- [Given data]:

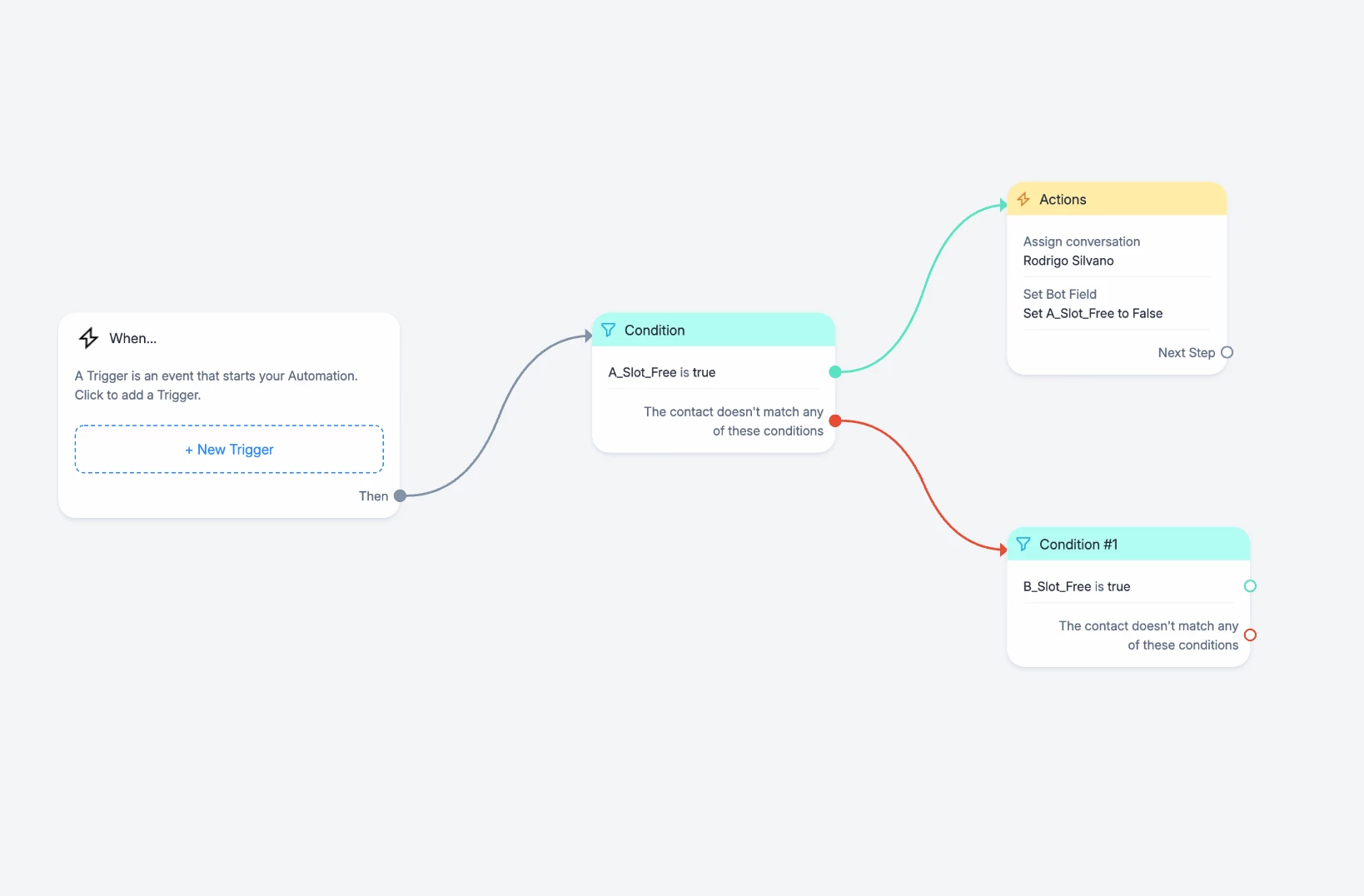 For example: When the tag “conversation in course” is removed, set the bot field “A_Slot_Free” to True.
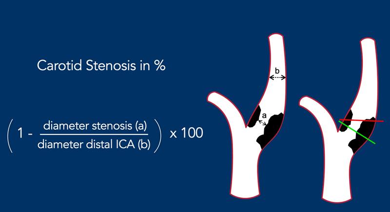 Hình minh họa thể hiện công thức đo mức độ hẹp theo tiêu chuẩn NASCET (Thử nghiệm Cắt bỏ nội mạc động mạch cảnh có triệu chứng Bắc Mỹ).
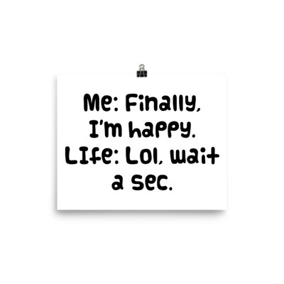 Me: Finally, I'm happy. LIfe: Lol, wait a sec. - Enhanced Matte Paper Poster PRINT-36817
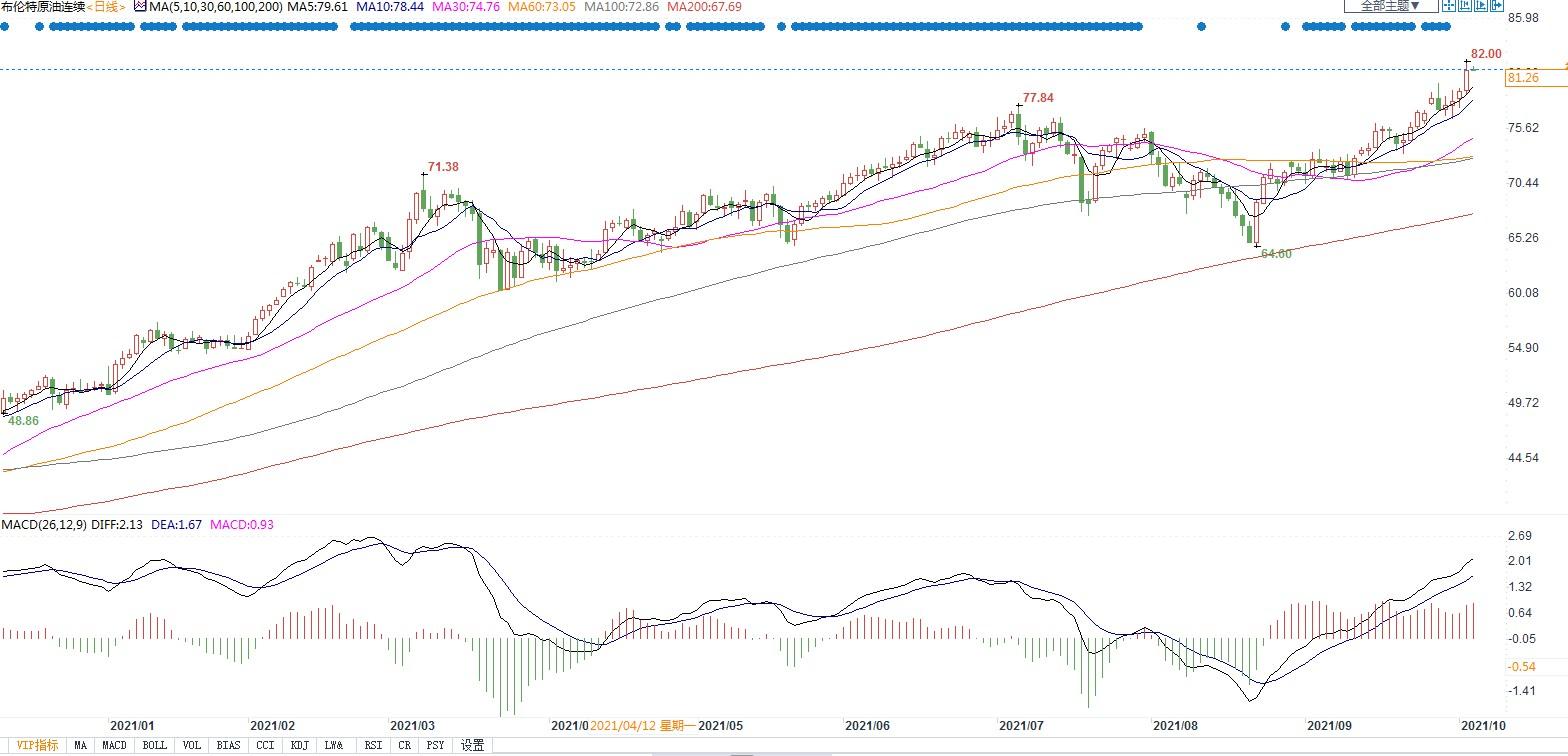 北京时间10月5日9:31,布伦特原油主力合约价格报81.22美元/桶。

- [Assigned task]: An exact copy is needed of the lines running from the one containing "Me: Finally, I'm" through the last line of the material, and of no others; pictures stay out.

- [Response area]:
 Me: Finally, I'm happy. LIfe: Lol, wait a sec. - Enhanced Matte Paper Poster PRINT-36817
 北京时间10月5日9:31,布伦特原油主力合约价格报81.22美元/桶。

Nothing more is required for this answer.